I can go on and on with more examples, but anyone who has worked on both an offline ML system and a realtime ML system will tell you this — the iteration velocity with realtime ML system is significantly higher. And that extra iteration speed results in much more powerful systems over time.
6. Hardware Cost
Offline systems require pre-computing ML features/models for every user. But for most products, a heavy majority of their registered users don’t show up every day — in fact, a majority of them don’t show up for days/weeks in a row. So all this computation/storage that was done to precompute results for such users was wasteful — and even though each unit of offline computation is “cheaper” than each unit of online computation, the much higher volume of offline computation more than makes up for it.

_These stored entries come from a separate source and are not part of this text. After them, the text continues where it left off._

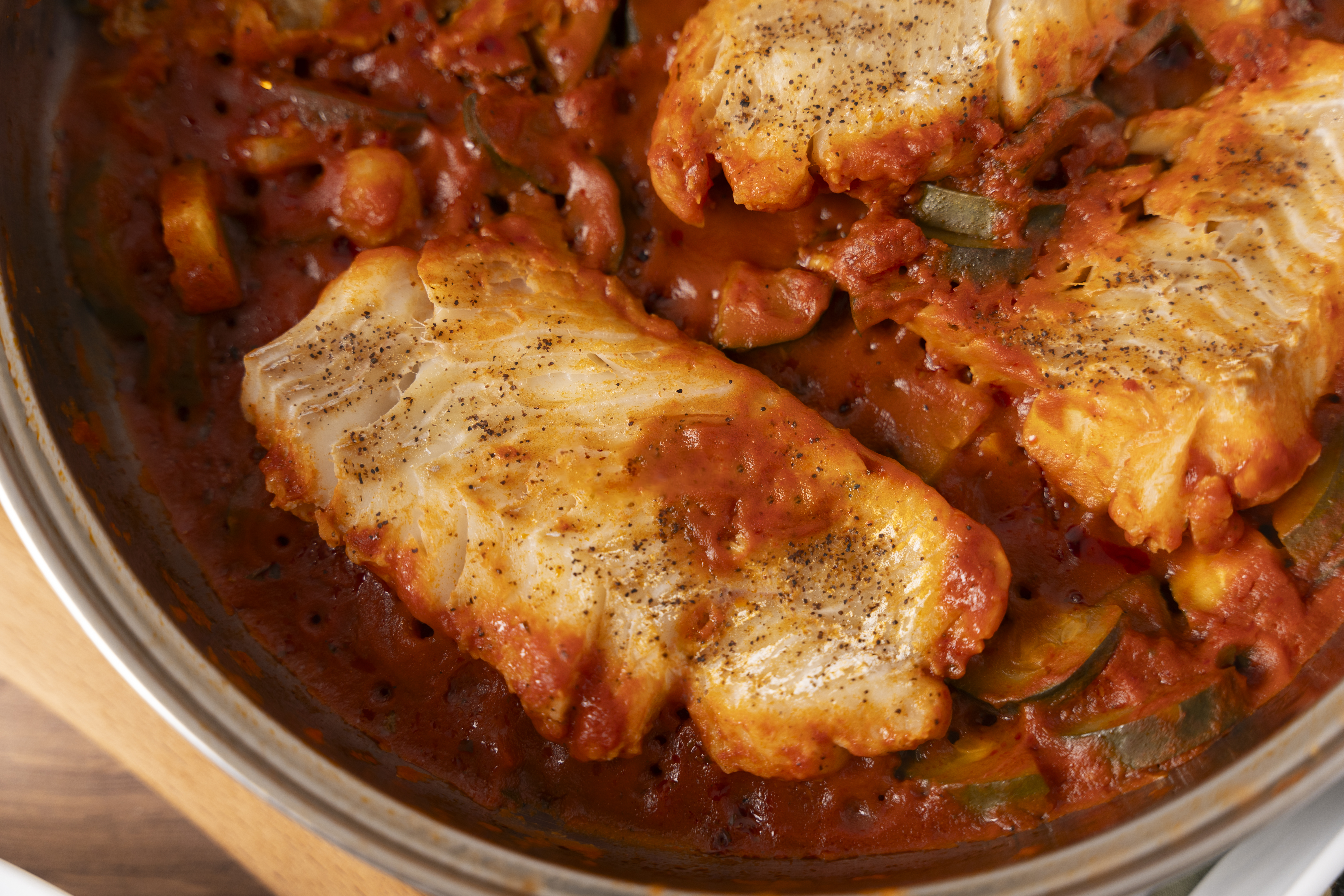 Step 3 -Add the fillets to the sauce, cover the skillet, and cook until the fillets are just opaque throughout and reach an internal temperature of 145 degrees F, about 7 minutes.
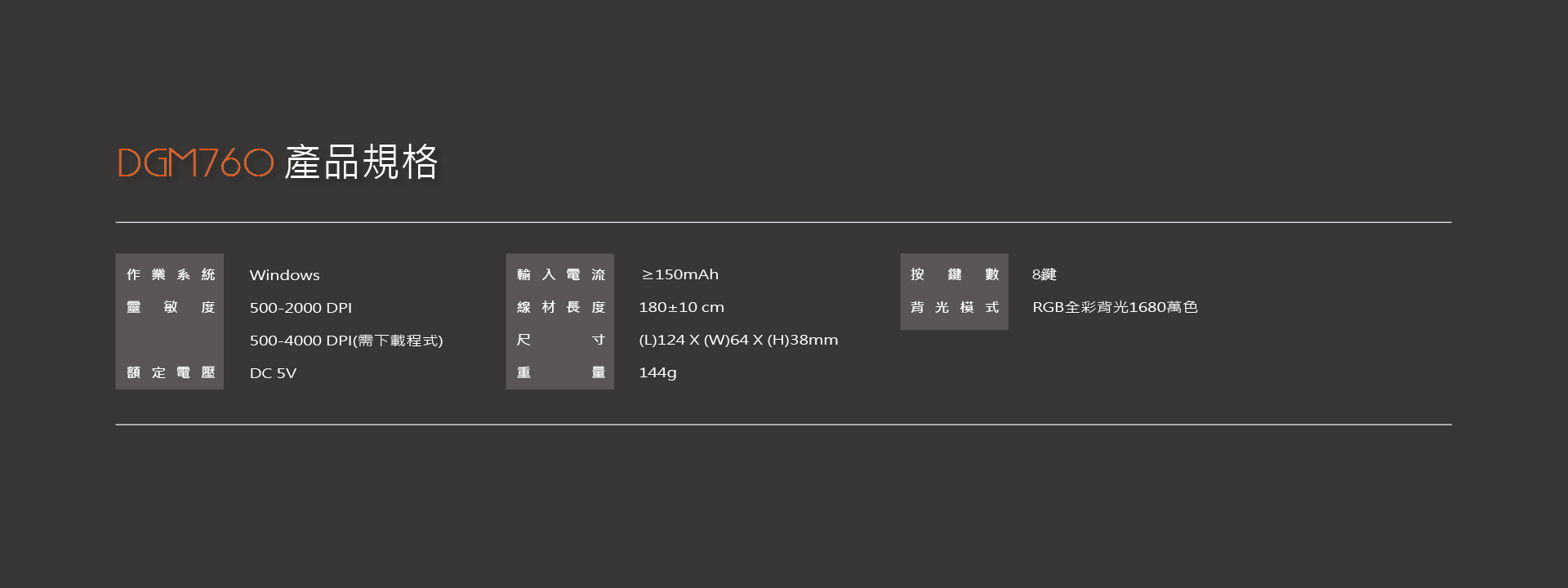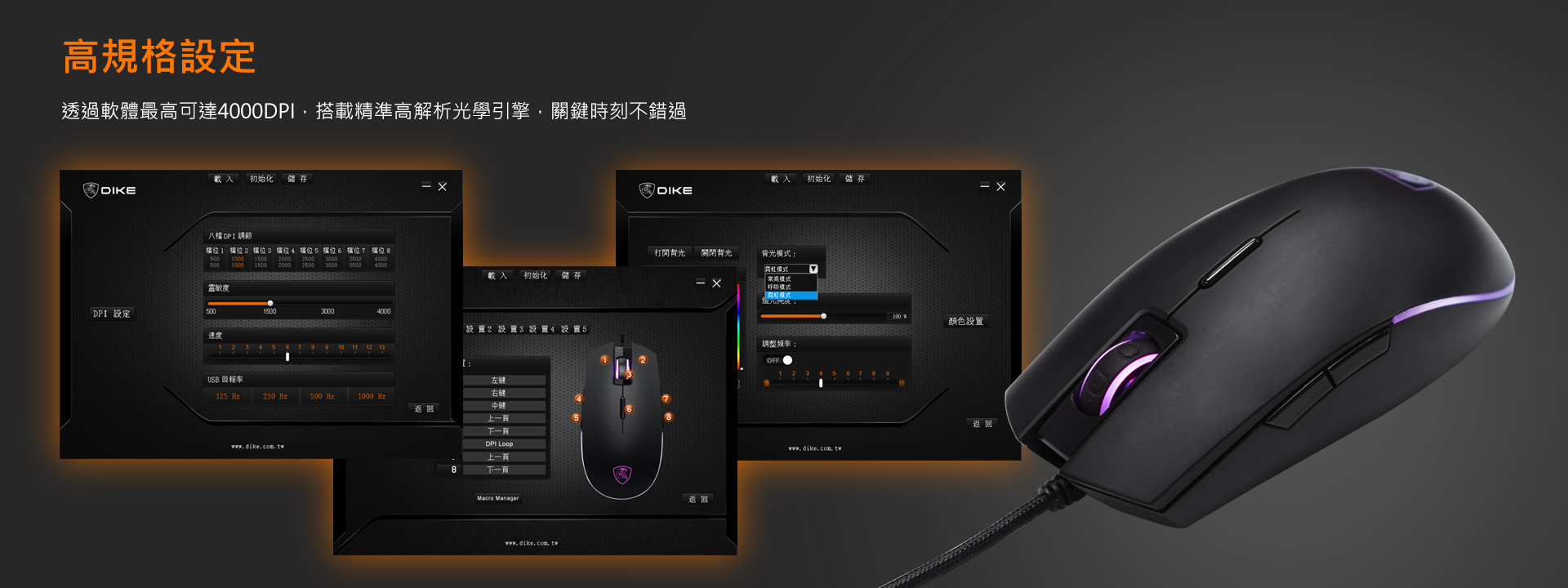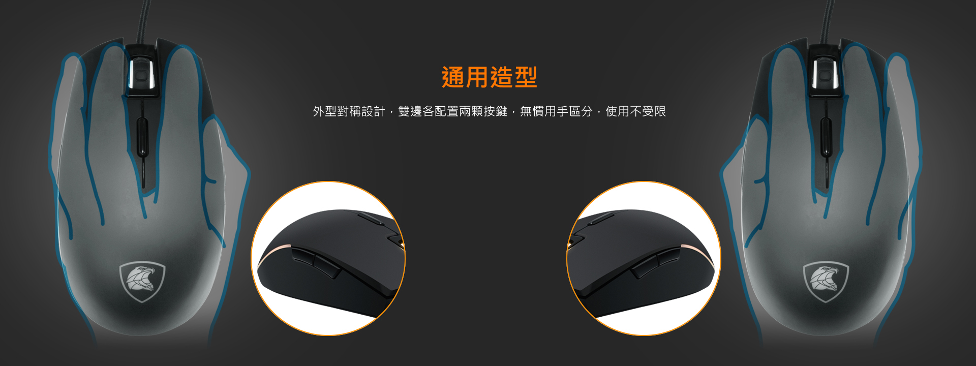 對稱外型,滿足各派電玩高手,1680萬RGB全彩背光,點燃競技的戰火。搭配最高4000DPI光學引擎及8鍵可編程自定義按鍵,讓你隨心所欲、招招克敵。
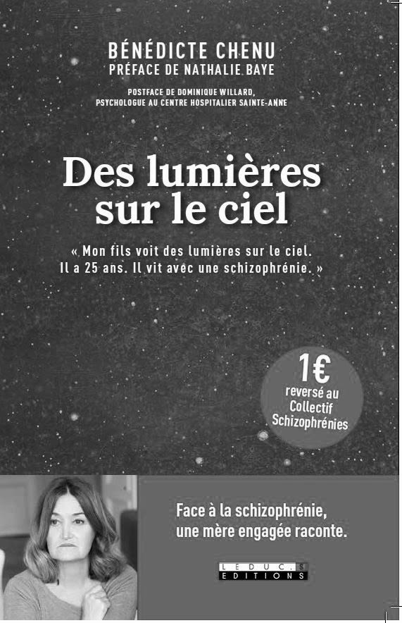Puis Bénédicte s’est engagée au sens plus large encore, en intégrant Collectif Schizophrénie, regroupement de sept associations qui travaillent à faire accepter la maladie et en améliorer la prise en charge. « Notre volonté est d’informer le grand public, avec un discours simple, non stigmatisant, parler de la maladie pour ce qu’elle est et non ce qu’elle représente, favoriser les témoignages… » Bénédicte Chenu regrette encore de voir des personnes intervenir visage flouté, dans les reportages évoquant cette pathologie. Elle a écrit un livre, qui encourage cette mise en lumière de la réalité de la schizophrénie.

Some people attempt an optimization where they pre-compute the results only for users who are likely to show up today — for instance, they may pre-compute the results only for weekly active users. While this reduces the cost a bit (but is still super wasteful), it runs into another problem - what if a user who we thought would not come to show up actually shows up? We don’t have any precomputed results and so have to fallback to a very naive system for them (e.g., time-sorted results). But one could argue that taking users who are not already active and making the more active is one of, the more important jobs of any personalization engine. And so this approach doesn’t work well in practice.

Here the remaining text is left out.